Alex Philippidis Senior News Editor Genetic Engineering & Biotechnology News

More House, Senate Republicans among the biggest winners of campaign cash from the industry

The Congressional election cycle that ended earlier this month was good to Republicans beyond the obvious reasons of extending their majority in the U.S. House of Representatives and capturing a majority of the U.S. Senate.

The cycle also saw a wider GOP majority when it comes to Congressional recipients of campaign cash from the pharma industry—14 Republicans and six Democrats in 2013-14, compared with a more balanced 11 Republicans and nine Democrats in the 2011-12 cycle.

Reasons for the GOP surge range from stauncher support for industry stances on issues, to the departure from Congress of several industry-friendly Democrats, to the overall midterm election success enjoyed by Republicans in campaigning against an increasingly unpopular Democratic president in Barack Obama.

Another, less obvious reason: The embrace by big pharma of numerous representatives with key committee or caucus positions, most of them Republican. For example, the House Energy and Commerce Committee has seven members on this List, led by committee Chair Rep. Fred Upton (R-MI), while Ways & Means has four members, three who also sit on its  subcommittee on health.

This year’s Top 20 Pharma-Friendly Congress Members includes only six lawmakers who appeared on GEN’s 2012 edition of this List. The six consist of five Republicans and one Democrat. Of the 14 lawmakers appearing on this List who did not make the 2012 edition, 10 are Republicans (seven in the House, three in the Senate), while the other four are Democrats (three in the House, one in the Senate).

Two lawmakers appearing this year were ousted by voters—Rep. Eric Cantor (R-VA), who resigned in August after losing a primary to his eventual successor; and Sen. Kay R. Hagan (D-NC), who lost narrowly on Election Day.

Below is a list of the 20 members of Congress (both Senate and House of Representatives) that have received the most in campaign contributions from pharmaceutical companies during the 2013–2014 election cycle, as recorded by the Center for Responsive Politics ( based on data from the Federal Election Commission released on Oct. 25. Figures reflect contributions from both political action committees (PACs) and individuals giving $200 or more.

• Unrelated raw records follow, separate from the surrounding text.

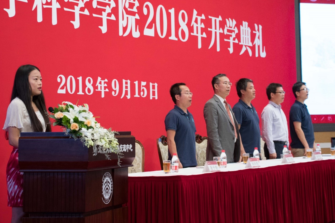 2018级本科生王艺纯、博士生刘子愉,分别作为本科生和研究生新生代表发言。王艺纯在发言中回顾了她与北大结缘的渊源,从神往北大的游客到参加数学与科学学院夏令营的营员,再到圆梦北大的新生,她表示愿与同学们共同留下青春记忆,在追随最前沿学科领域的旅程中传承北大精神。刘子愉则以“我们为什么在北大读研”作为开场白,表达了对燕园生活的设想与期待,在他看来这里除却五彩缤纷色彩斑斓的土壤,更有同窗间的切磋碰撞,除却学术研究的抱负,还有改变世界的理想。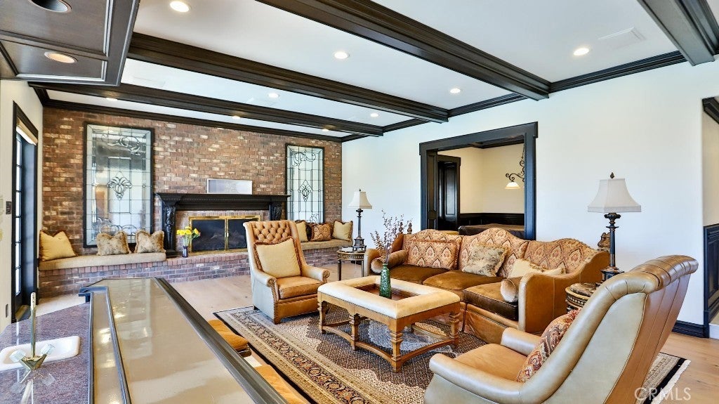 Beamed Ceilings, Balcony, Crown Molding, Granite Counters, High Ceilings, Multiple Staircases, Pantry, Recessed Lighting, Storage, Bedroom on Main Level, Main Level Primary, Wine Cellar, Walk-In Closet(s)
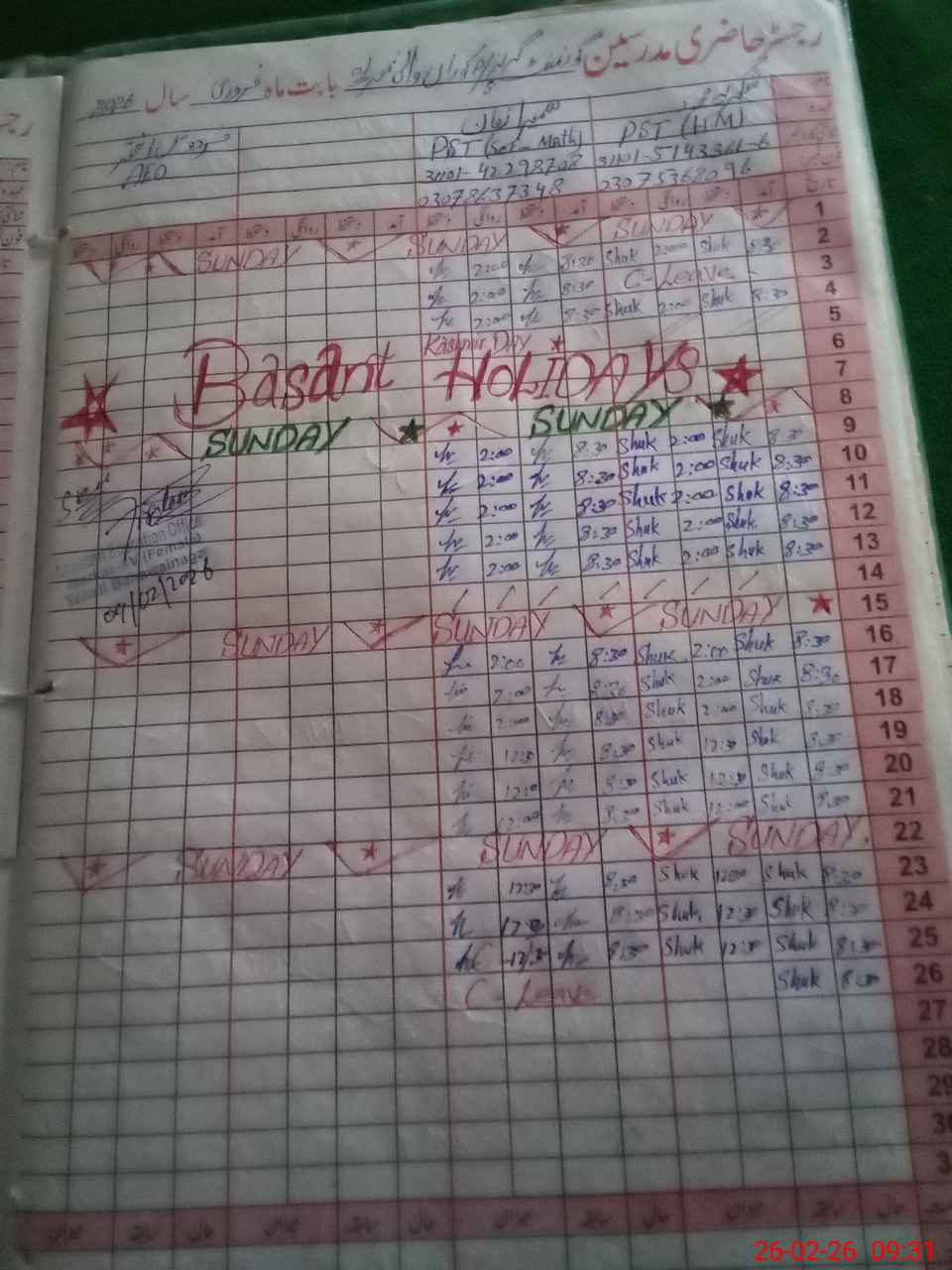 | Name: Sh**** ME**** Designation: (School Headmaster's/Headmistress's) PST Phone/Cell Number: 03**** |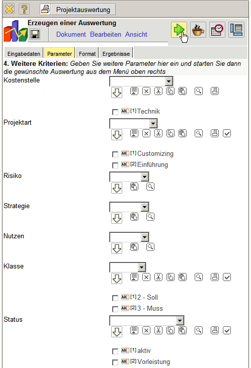 Anschließend kann der Betrachtungszeitraum (3. Hauptparameter) und die weiteren Kriterien verwendet werden (4. Parameter), um die Ergebnisse der Auswertungen sinnvoll einzuschränken. Zu diesen Parametern gehört beispielsweise die Kostenstelle des Projektes, die Projektart, der Projektstatus, die Priorität und das Kennzeichen, ob das Projekt ein externer Auftrag ist oder nicht. Die weiteren Optionen betreffen die Filterung von Ergebnissen.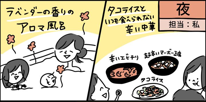 夕食は子どもにはタコライスを作り、そして大人たちは普段あんまり食べられない辛い麻婆豆腐と辛いエビチリを中華料理屋で買ってくることにしました。子どもが生まれてから辛いものは食卓に出せなくなったので、たまに食べたくなるんですよね。めっちゃ辛いやつ。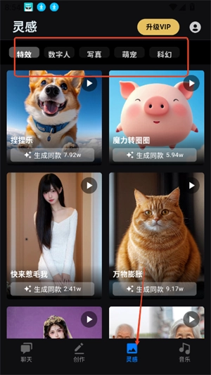 5、灵感板块具备生成图片、视频等内容的功能,并且能够选择创作风格。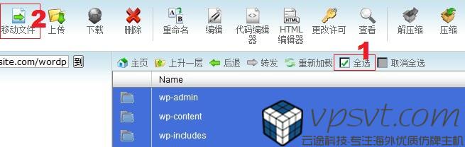 进入WordPress文件夹后(如图8所示),点击全选(如图8中标注1),然后在顶栏工具中找到“移动文件”(如图8中标注2)并点击。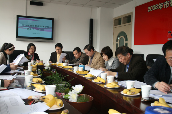 4月22日中午11点30分,教苑楼A座202会议室召开了谢晋影视艺术学院2011年就业工作推进会。出席本次会议的有:校学工部副部长倪峰、院长赵炳翔、党总支书记高亭、党总支副书记兼副院长孙雅艳、副院长丁宏法、邱乙哲、徐君,学院就业办副主任董妍均、赵富国老师,以及广编专业负责人王平老师、表演专业负责人康爱石、动画专业负责人强小柏老师和各专业毕业班带班老师、毕业班辅导员。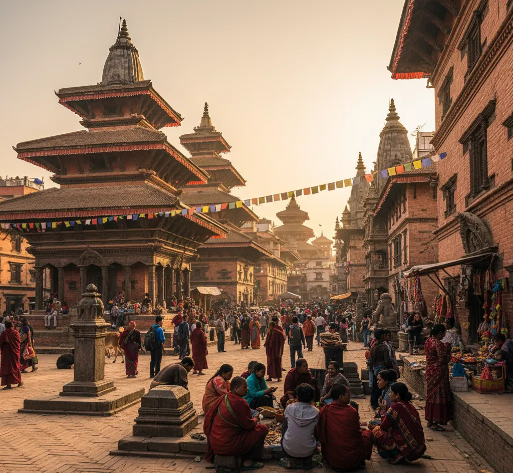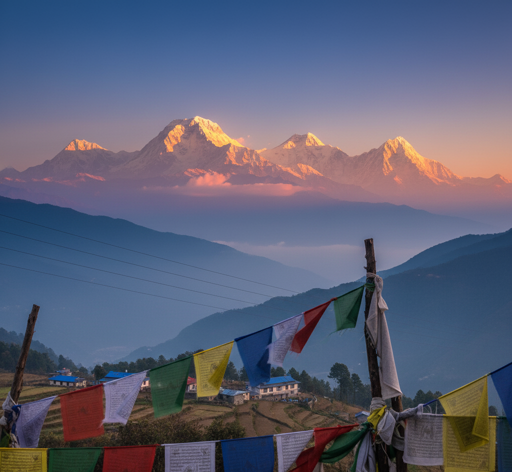 Return to Kathmandu and discover its UNESCO World Heritage treasures, including Swayambhunath Stupa and Durbar Square. Continue to Nagarkot, famed for its panoramic Himalayan views, before concluding your tour with a relaxing departure.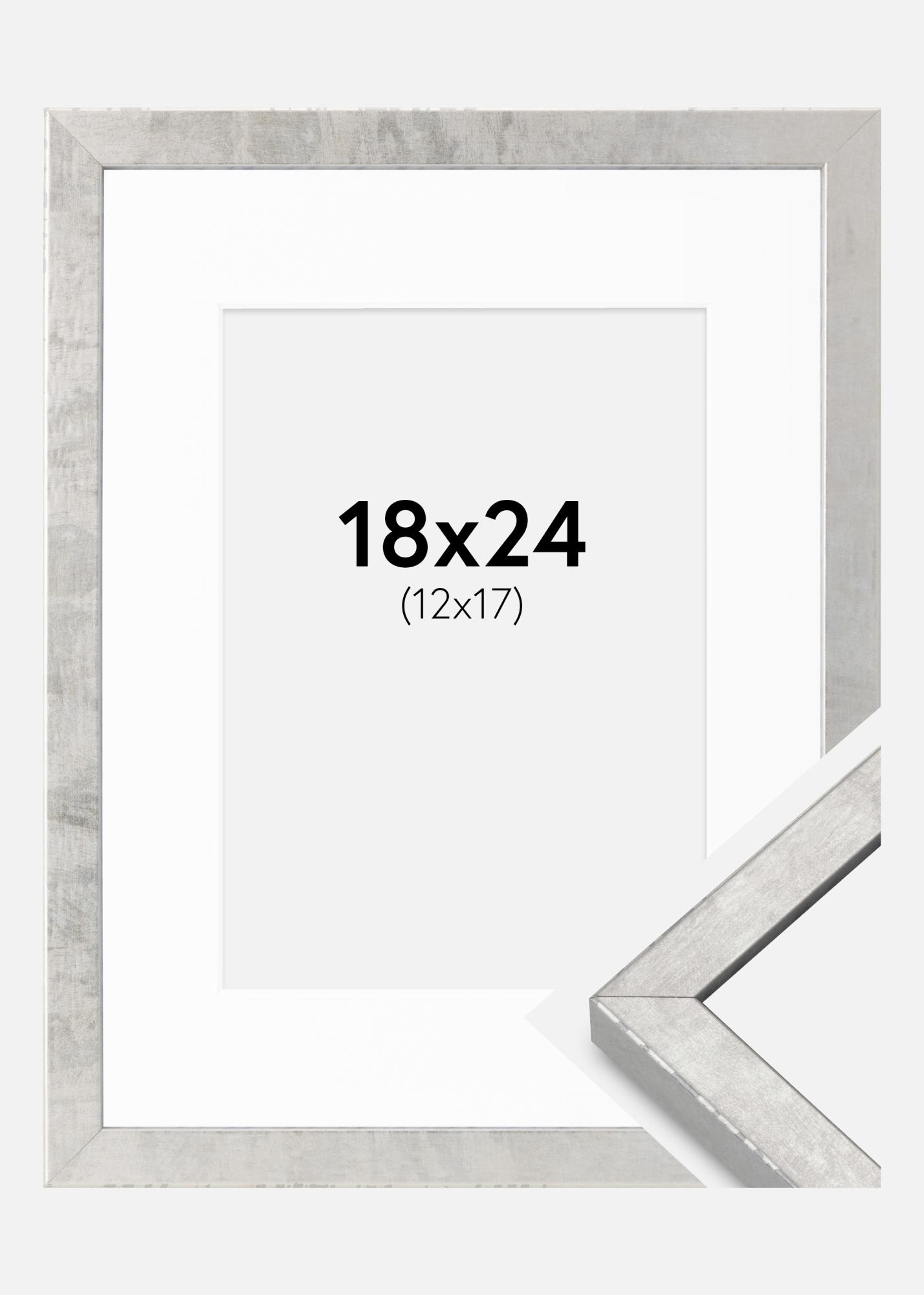 Rahmen Ares Silber 18x24 cm - Passepartout Weiß 13x18 cm

#20. Rep. Eric Cantor (R-VA) (1)

Total contributions: $156,098

#19. Rep. John Shimkus (R-IL)

Total contributions: $160,600

#18. Rep. Brett Guthrie (R-KY)

Total contributions: $167,082

#17. Rep. Frank Pallone Jr. (D-NJ)

Total contributions: $167,572

#16. Sen. John Cornyn (R-TX)

Total contributions: $173,900

#15. Rep. Peter Roskam (R-IL)

Total contributions: $175,275

#14. Rep. Marsha Blackburn (R-TN)

Total contributions: $175,750

#13. Rep. Joe Pitts (R-PA)

Total contributions: $187,500

#12. Rep. Ron Kind (D-WI)

Total contributions: $194,400

#11. Sen. Kay R. Hagan (D-NC) (2)

Total contributions: $201,188

#10. Rep. Anna Eshoo (D-CA)

Total contributions: $203,109

#9. Rep. Paul Ryan (R-WI)

Total contributions: $213,727

#8. Sen. Lamar Alexander (R-TN)

Total contributions: $218,850

#7. Sen. Cory Booker (D-NJ)

Total contributions: $234,050

#6. Rep. Erik Paulsen (R-MN)

Total contributions: $234,199

#5. Rep. Kevin McCarthy (R-CA)

Total contributions: $238,600

#4. Rep. John Boehner (R-OH)

Total contributions: $247,000

#3. Sen. Ed Markey (D-MA)

Total contributions: $273,050

#2. Sen. Mitch McConnell (R-KY)

Total contributions: $303,023

#1. Rep. Fred Upton (R-MI)

Total contributions: $310,200

1 Resigned from the U.S. House of Representatives on Aug. 18, following his defeat in a party primary to Dave Brat, Ph.D., who now represents Virginia’s 7th District.
2 Defeated in Nov. 4 general election by Republican Thom Tillis, who will hold the office when the 114th Congress convenes in January 2015.